> _DATASET RECORDS_:
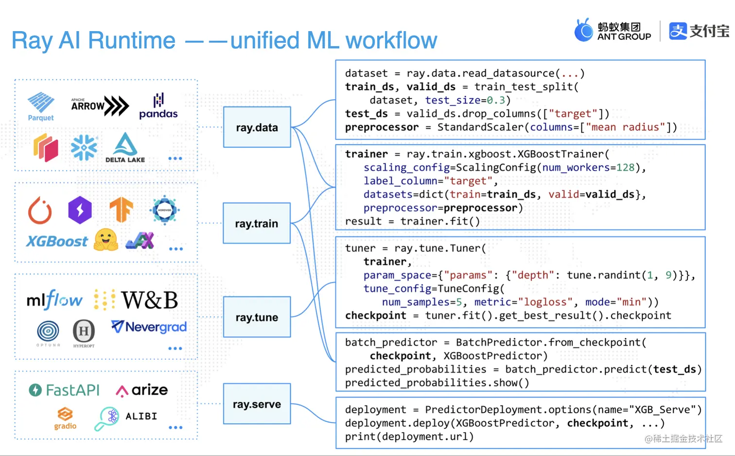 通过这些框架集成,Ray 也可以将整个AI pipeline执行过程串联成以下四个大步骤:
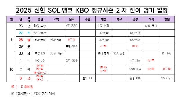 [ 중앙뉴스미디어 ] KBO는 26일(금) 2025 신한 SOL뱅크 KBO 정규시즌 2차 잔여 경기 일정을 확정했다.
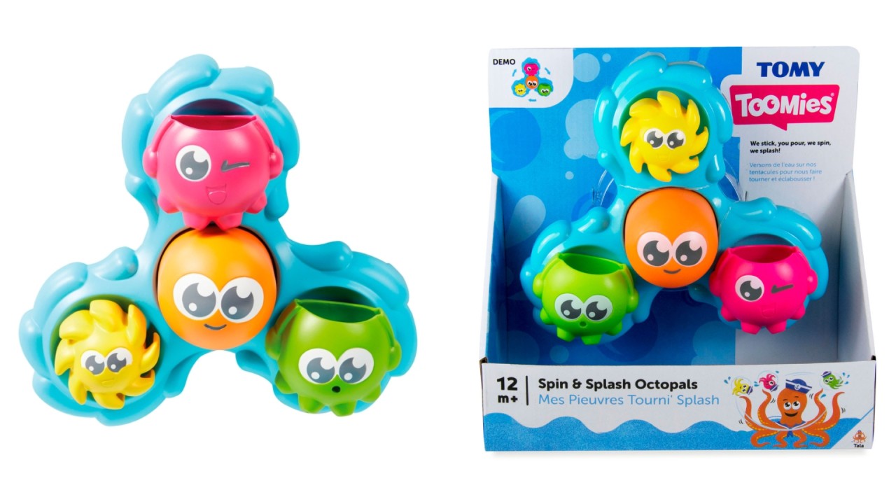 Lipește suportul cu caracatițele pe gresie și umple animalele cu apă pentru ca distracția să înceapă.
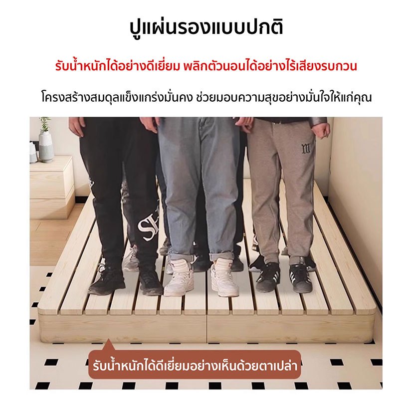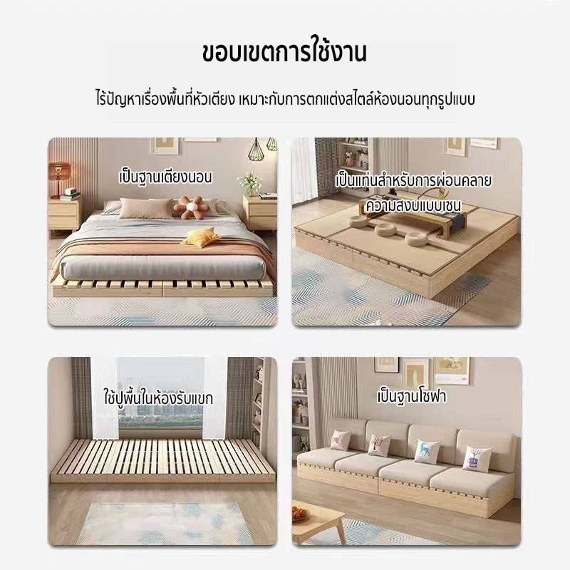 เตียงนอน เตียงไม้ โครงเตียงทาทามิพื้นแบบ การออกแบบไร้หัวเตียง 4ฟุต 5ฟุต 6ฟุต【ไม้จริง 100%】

* * *

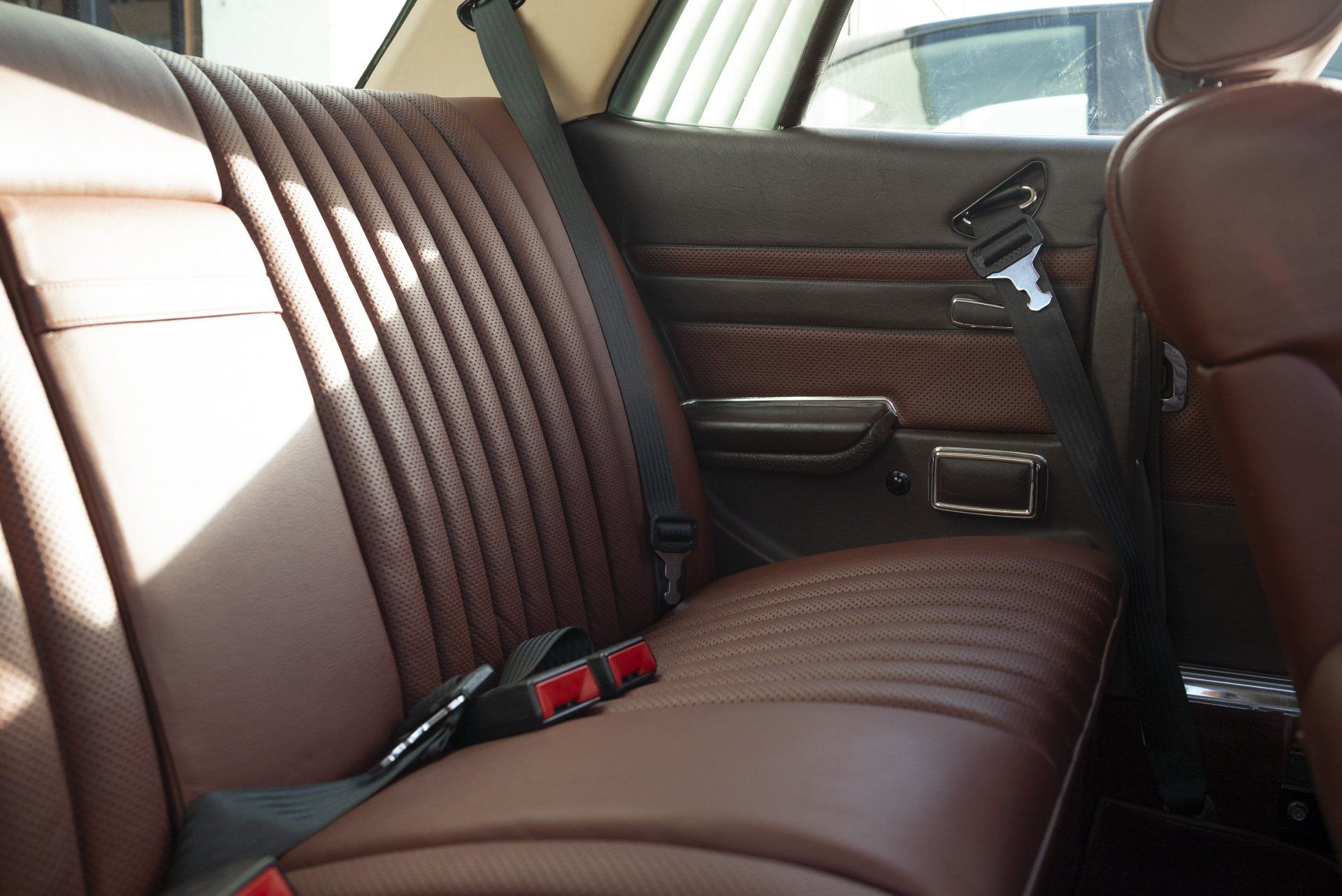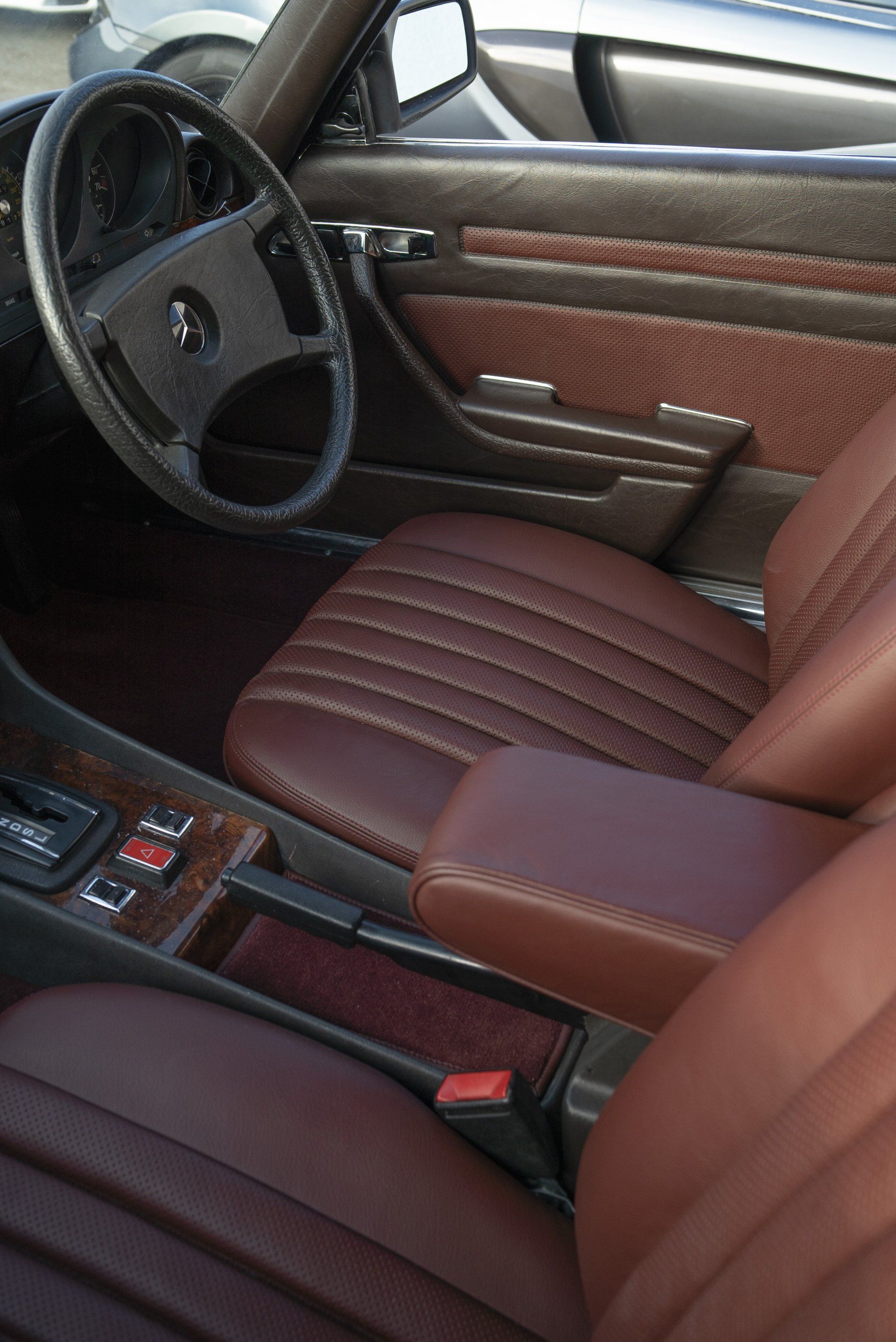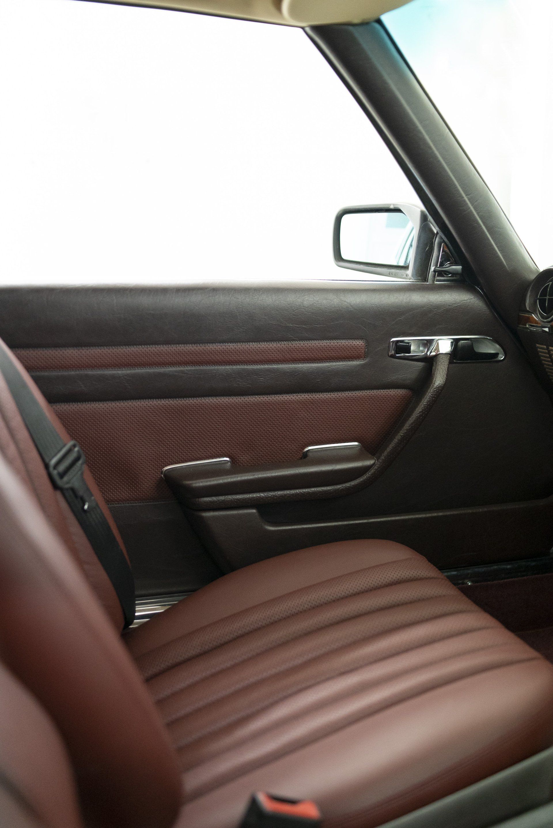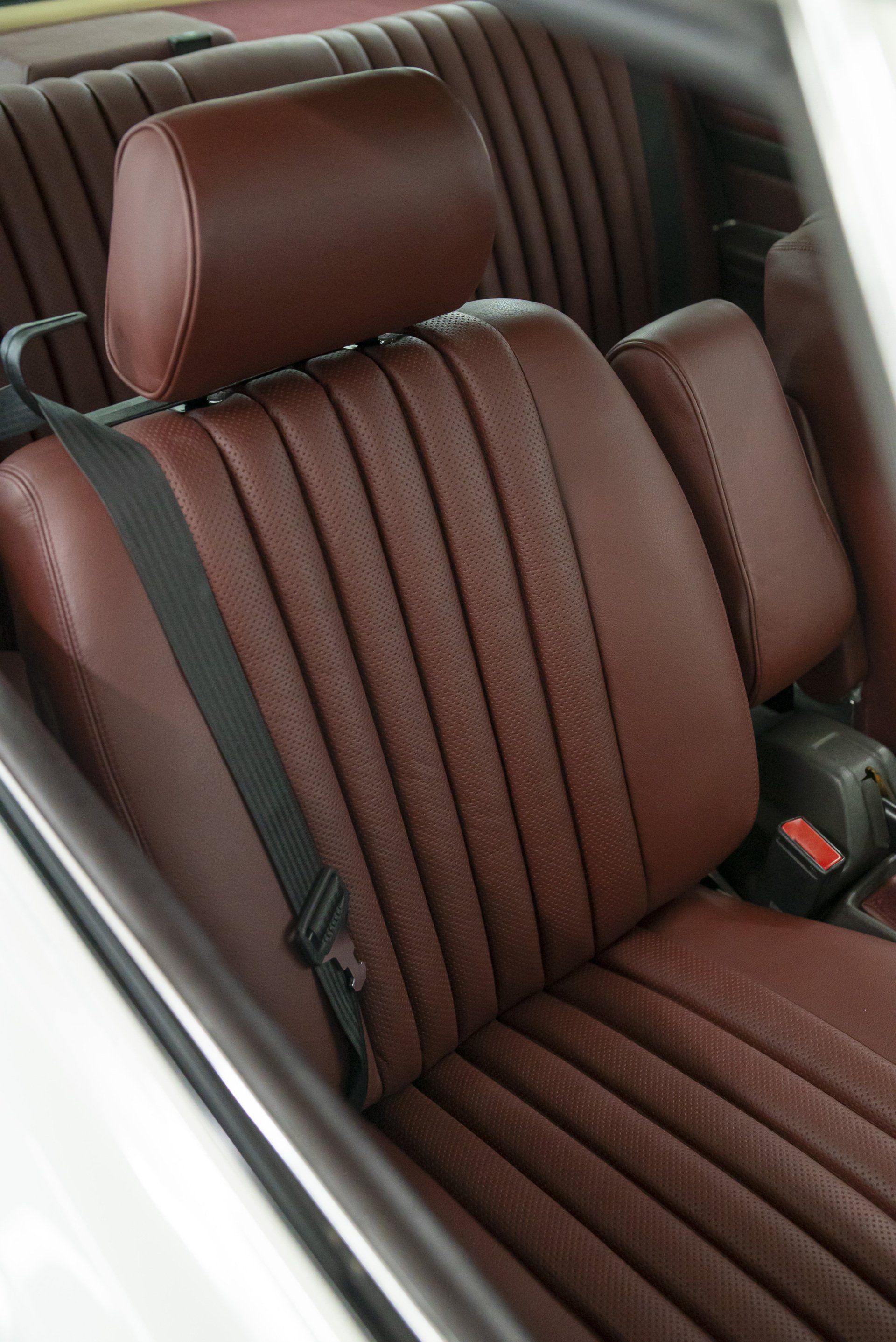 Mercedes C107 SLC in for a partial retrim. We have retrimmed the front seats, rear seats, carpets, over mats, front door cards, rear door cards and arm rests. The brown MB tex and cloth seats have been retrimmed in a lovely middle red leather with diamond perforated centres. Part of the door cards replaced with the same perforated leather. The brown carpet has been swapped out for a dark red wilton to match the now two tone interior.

> _PROBLEM DETAILS_: Output only the lines above from the line that holds "Lipește suportul cu" through the line that holds "เตียงนอน เตียงไม้ โครงเตียงทาทามิพื้นแบบ", both ends included, and exclude pictures.

> _FINAL ANSWER_:
 Lipește suportul cu caracatițele pe gresie și umple animalele cu apă pentru ca distracția să înceapă.
 เตียงนอน เตียงไม้ โครงเตียงทาทามิพื้นแบบ การออกแบบไร้หัวเตียง 4ฟุต 5ฟุต 6ฟุต【ไม้จริง 100%】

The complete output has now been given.